Extracted information:
┌────────
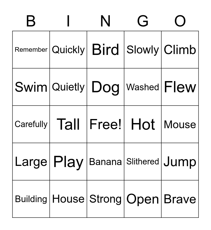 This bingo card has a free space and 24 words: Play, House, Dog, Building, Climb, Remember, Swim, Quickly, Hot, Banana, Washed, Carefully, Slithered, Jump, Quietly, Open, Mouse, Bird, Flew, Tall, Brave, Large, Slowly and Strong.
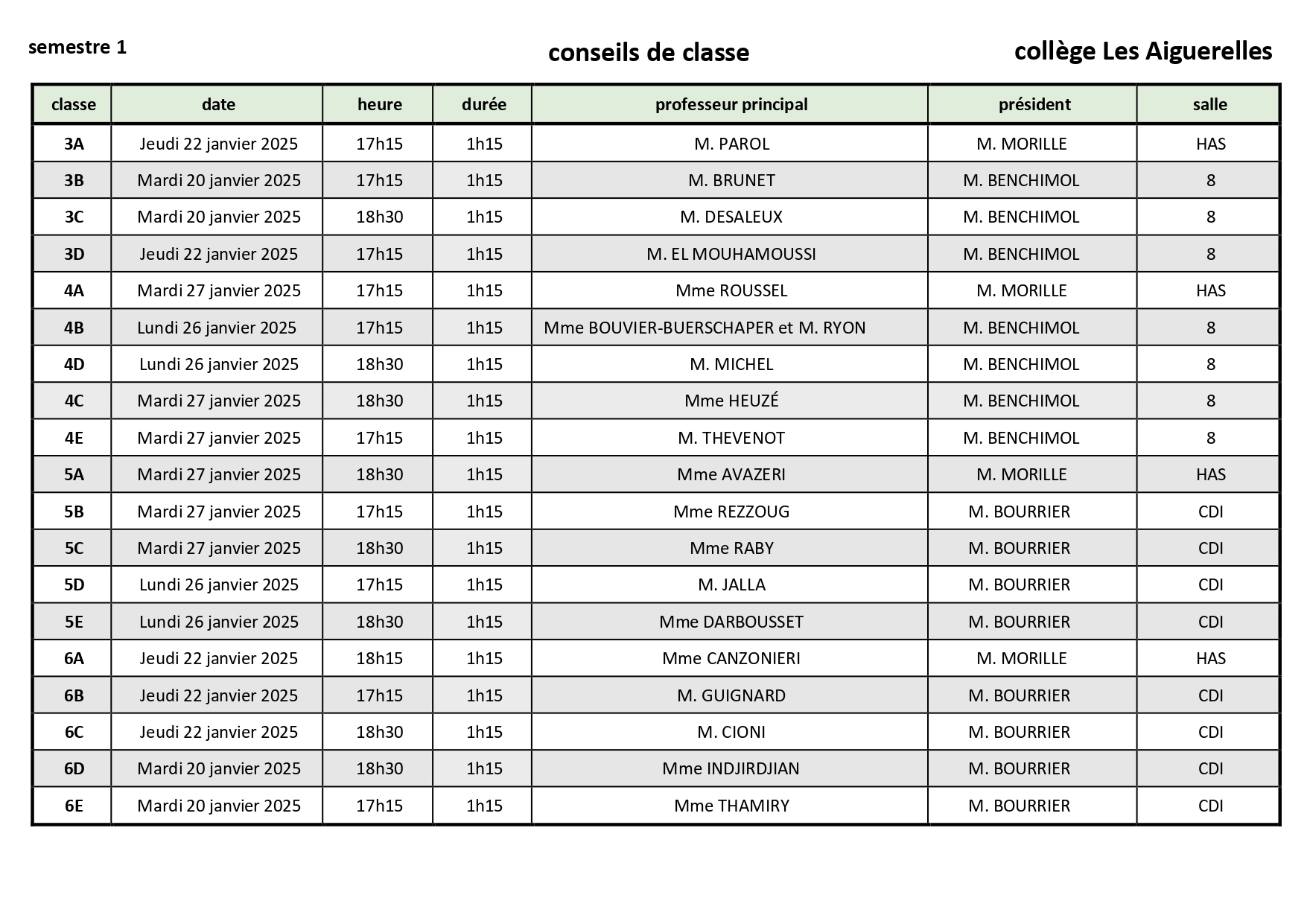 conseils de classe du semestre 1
└────────
┌────────
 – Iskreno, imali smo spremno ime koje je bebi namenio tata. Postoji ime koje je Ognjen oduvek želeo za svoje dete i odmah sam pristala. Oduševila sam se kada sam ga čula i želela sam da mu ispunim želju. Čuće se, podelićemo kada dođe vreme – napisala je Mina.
└────────
About this task: What's needed is an exact copy of the lines above from the one with "This bingo card" through the one with "conseils de classe du semestre 1", both included; the pictures stay out.

Task solution:
 This bingo card has a free space and 24 words: Play, House, Dog, Building, Climb, Remember, Swim, Quickly, Hot, Banana, Washed, Carefully, Slithered, Jump, Quietly, Open, Mouse, Bird, Flew, Tall, Brave, Large, Slowly and Strong.
 conseils de classe du semestre 1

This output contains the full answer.